Provided entries —
- Opening Delimiter -

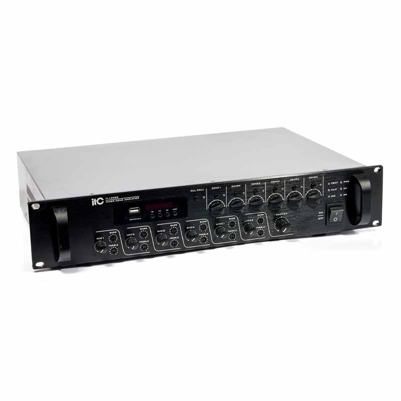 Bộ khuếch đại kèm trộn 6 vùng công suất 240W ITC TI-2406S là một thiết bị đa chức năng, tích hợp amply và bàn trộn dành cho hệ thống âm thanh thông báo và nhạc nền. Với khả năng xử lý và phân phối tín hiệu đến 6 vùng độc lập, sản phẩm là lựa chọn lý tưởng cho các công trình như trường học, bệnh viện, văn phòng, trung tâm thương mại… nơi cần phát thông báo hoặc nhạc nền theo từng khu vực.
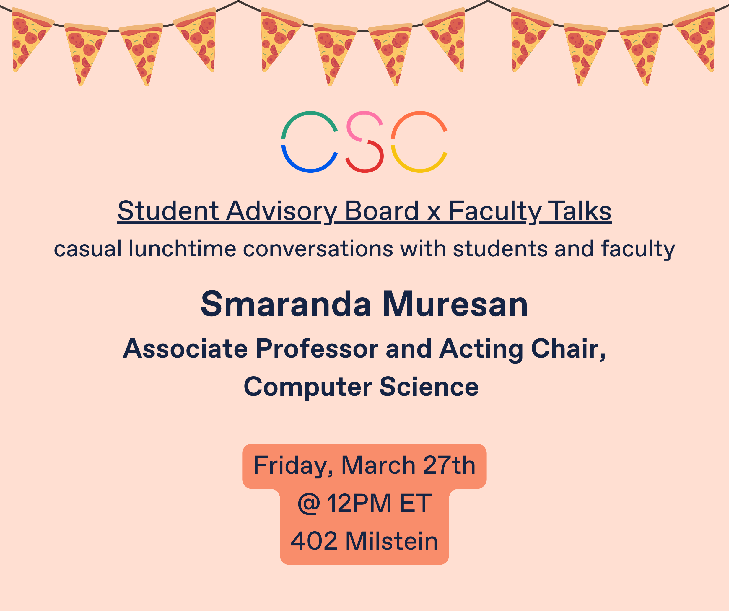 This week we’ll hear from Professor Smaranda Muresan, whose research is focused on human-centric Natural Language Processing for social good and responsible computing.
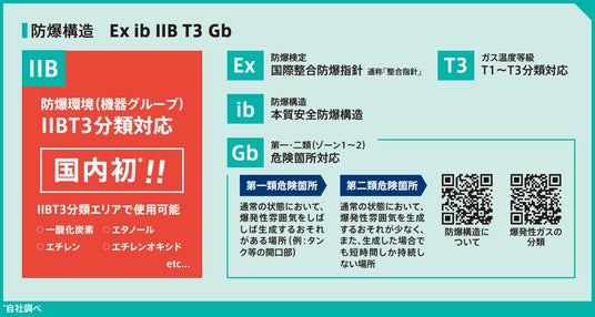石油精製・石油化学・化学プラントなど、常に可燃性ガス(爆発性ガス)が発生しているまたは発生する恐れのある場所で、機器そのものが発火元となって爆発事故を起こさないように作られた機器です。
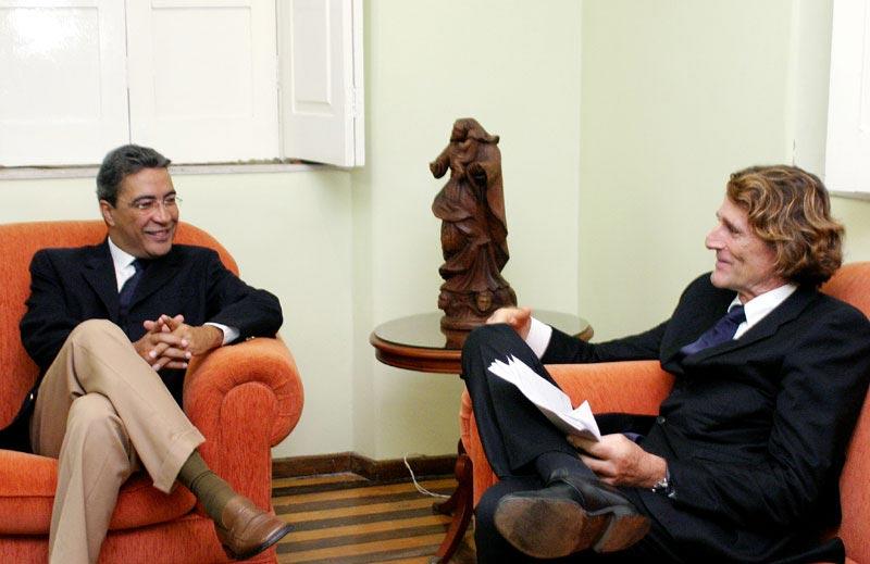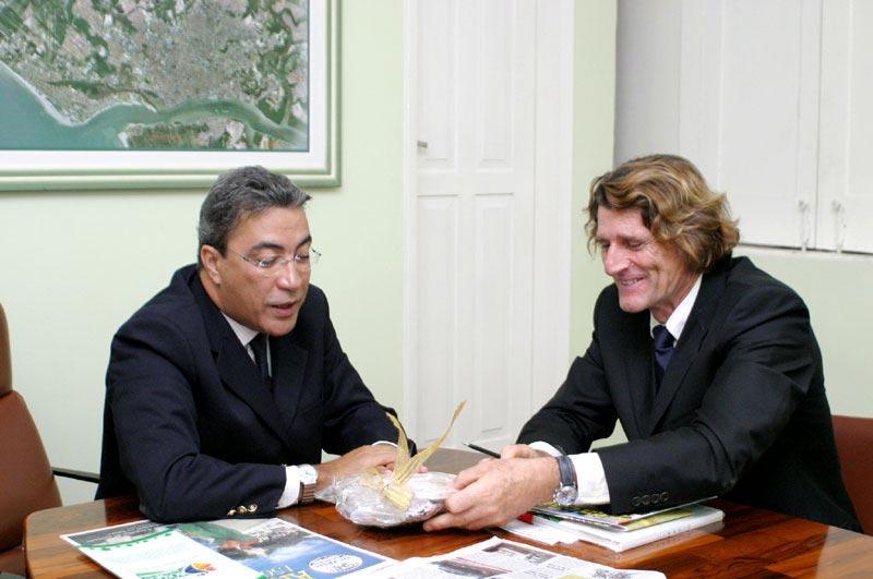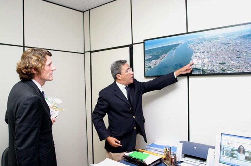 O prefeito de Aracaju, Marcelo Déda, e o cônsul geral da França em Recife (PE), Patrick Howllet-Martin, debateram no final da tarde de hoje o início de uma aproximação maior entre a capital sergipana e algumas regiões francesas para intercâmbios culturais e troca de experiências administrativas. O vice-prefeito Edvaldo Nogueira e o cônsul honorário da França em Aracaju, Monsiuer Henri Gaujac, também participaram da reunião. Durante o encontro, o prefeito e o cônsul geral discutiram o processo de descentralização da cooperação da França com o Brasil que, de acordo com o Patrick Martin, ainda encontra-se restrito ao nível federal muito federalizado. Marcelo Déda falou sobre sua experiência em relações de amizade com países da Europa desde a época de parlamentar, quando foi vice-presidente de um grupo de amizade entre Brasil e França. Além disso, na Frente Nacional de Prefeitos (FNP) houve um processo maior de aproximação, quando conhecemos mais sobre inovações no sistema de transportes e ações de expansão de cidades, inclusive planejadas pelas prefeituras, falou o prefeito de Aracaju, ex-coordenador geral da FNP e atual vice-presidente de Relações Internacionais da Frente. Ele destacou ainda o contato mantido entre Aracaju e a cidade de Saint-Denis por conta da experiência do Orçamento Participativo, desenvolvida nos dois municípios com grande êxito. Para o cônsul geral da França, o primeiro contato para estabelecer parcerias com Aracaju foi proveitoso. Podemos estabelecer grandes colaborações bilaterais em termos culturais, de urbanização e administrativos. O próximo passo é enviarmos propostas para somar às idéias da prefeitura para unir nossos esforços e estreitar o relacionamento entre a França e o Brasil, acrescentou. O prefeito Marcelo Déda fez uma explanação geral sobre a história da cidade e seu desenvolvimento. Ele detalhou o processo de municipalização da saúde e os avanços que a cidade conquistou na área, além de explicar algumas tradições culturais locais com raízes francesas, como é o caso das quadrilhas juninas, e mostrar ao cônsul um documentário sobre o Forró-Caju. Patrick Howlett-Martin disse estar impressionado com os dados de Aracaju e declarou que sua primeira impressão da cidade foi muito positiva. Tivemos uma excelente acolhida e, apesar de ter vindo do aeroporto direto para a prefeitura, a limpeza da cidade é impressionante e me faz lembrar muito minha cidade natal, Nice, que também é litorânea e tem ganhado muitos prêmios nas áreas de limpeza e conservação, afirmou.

- Closing Delimiter -
- Opening Delimiter -

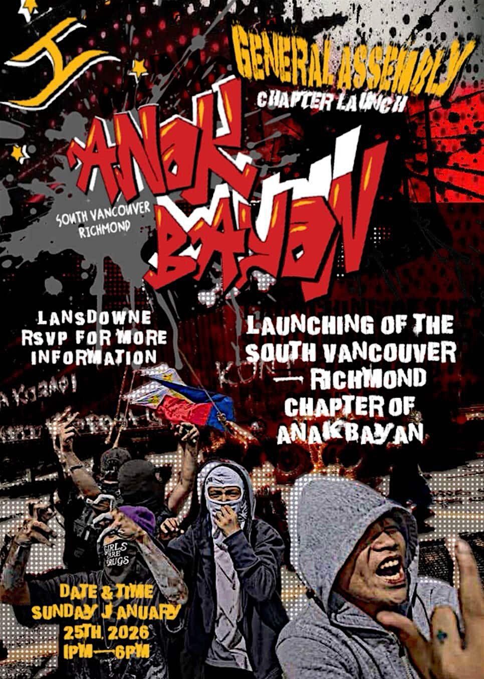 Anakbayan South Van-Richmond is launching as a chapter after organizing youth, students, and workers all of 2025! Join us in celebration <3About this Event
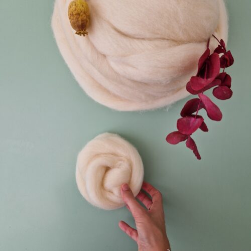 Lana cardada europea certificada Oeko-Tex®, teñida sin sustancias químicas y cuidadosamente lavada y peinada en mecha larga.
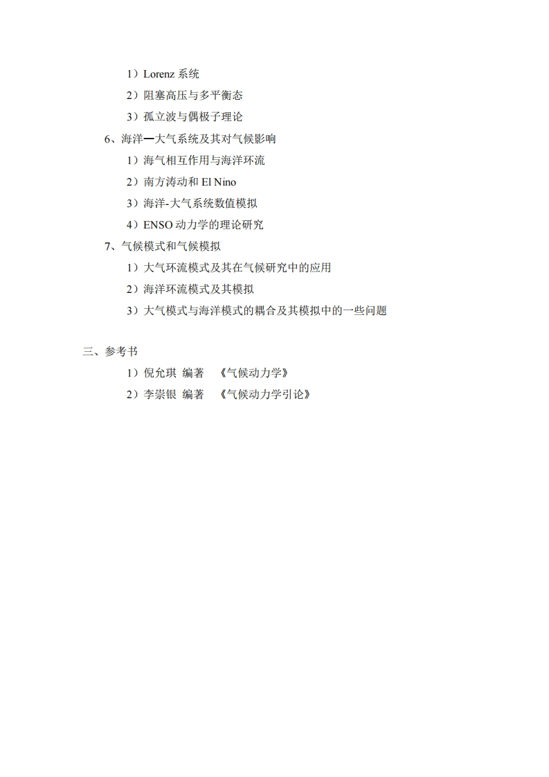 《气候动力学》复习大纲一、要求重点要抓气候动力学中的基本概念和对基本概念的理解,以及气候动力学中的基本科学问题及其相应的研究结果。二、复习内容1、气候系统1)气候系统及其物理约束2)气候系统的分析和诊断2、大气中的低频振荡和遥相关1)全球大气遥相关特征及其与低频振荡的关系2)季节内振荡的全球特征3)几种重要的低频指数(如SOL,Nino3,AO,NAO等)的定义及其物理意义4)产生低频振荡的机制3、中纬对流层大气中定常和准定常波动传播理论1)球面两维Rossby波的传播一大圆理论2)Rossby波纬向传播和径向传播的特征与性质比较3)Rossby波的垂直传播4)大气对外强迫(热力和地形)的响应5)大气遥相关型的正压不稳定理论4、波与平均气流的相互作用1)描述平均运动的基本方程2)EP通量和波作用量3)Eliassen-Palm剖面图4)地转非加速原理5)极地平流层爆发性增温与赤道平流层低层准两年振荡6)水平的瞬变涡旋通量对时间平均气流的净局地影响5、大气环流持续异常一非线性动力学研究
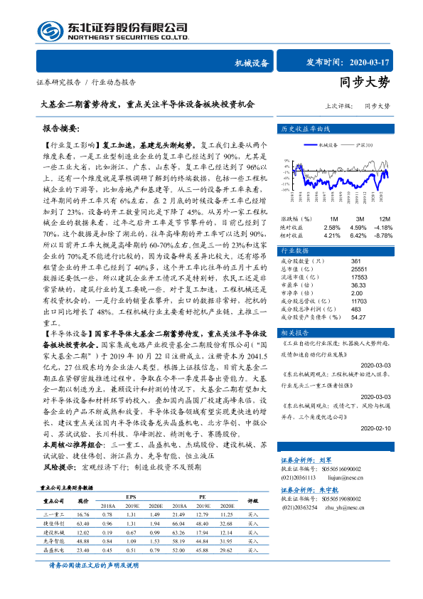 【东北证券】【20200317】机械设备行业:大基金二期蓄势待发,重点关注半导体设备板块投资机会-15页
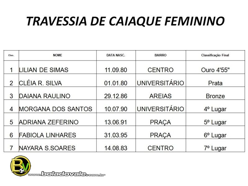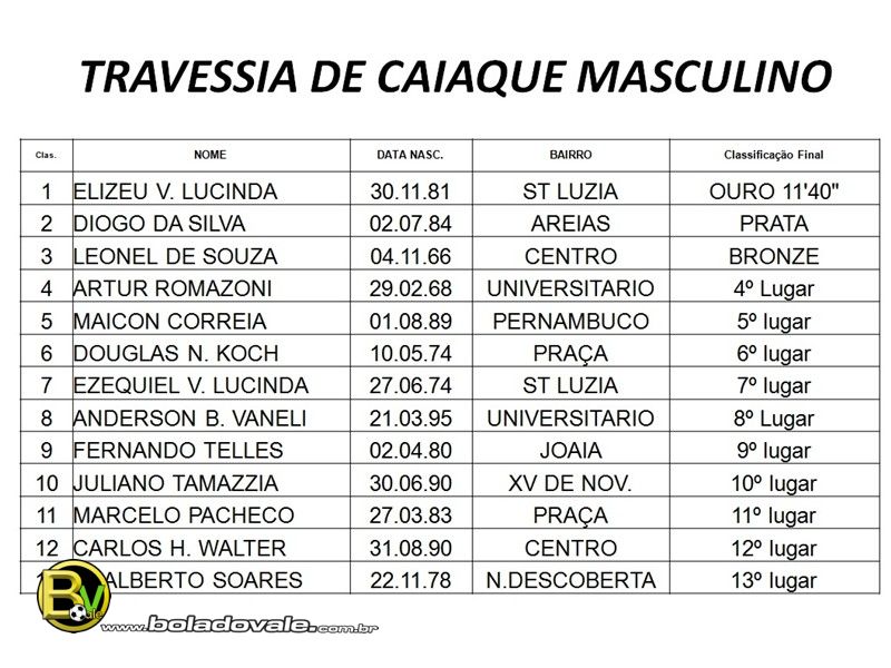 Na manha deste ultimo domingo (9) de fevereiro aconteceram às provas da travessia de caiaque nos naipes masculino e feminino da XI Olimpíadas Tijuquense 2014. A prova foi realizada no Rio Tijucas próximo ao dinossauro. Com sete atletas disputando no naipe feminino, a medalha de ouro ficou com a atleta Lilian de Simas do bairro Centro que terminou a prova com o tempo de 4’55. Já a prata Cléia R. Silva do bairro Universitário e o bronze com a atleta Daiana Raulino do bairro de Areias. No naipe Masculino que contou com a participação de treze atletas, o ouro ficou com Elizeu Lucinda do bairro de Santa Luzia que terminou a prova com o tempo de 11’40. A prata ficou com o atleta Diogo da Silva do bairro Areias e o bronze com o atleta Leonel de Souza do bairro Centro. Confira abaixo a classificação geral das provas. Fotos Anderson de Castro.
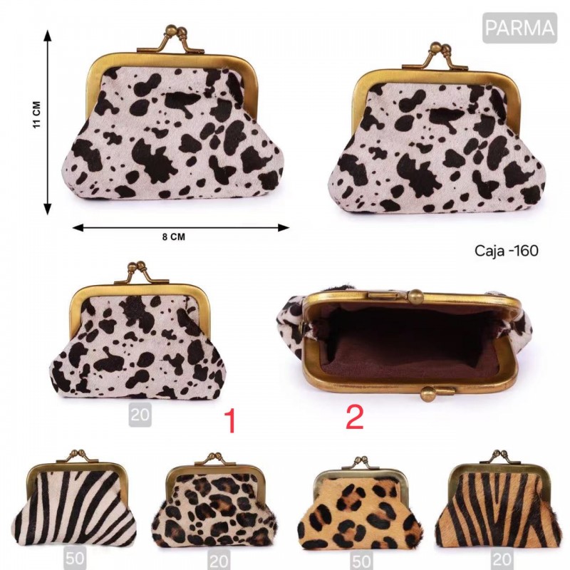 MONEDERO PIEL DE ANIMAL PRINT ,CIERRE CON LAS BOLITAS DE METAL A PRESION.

- Closing Delimiter -

Activity — Leaving out all pictures, set down exactly the lines of the material above, from the line with "This week we’ll" to the line with "石油精製・石油化学・化学プラ" inclusive, and no others.

Answer to this problem —
 This week we’ll hear from Professor Smaranda Muresan, whose research is focused on human-centric Natural Language Processing for social good and responsible computing.
石油精製・石油化学・化学プラントなど、常に可燃性ガス(爆発性ガス)が発生しているまたは発生する恐れのある場所で、機器そのものが発火元となって爆発事故を起こさないように作られた機器です。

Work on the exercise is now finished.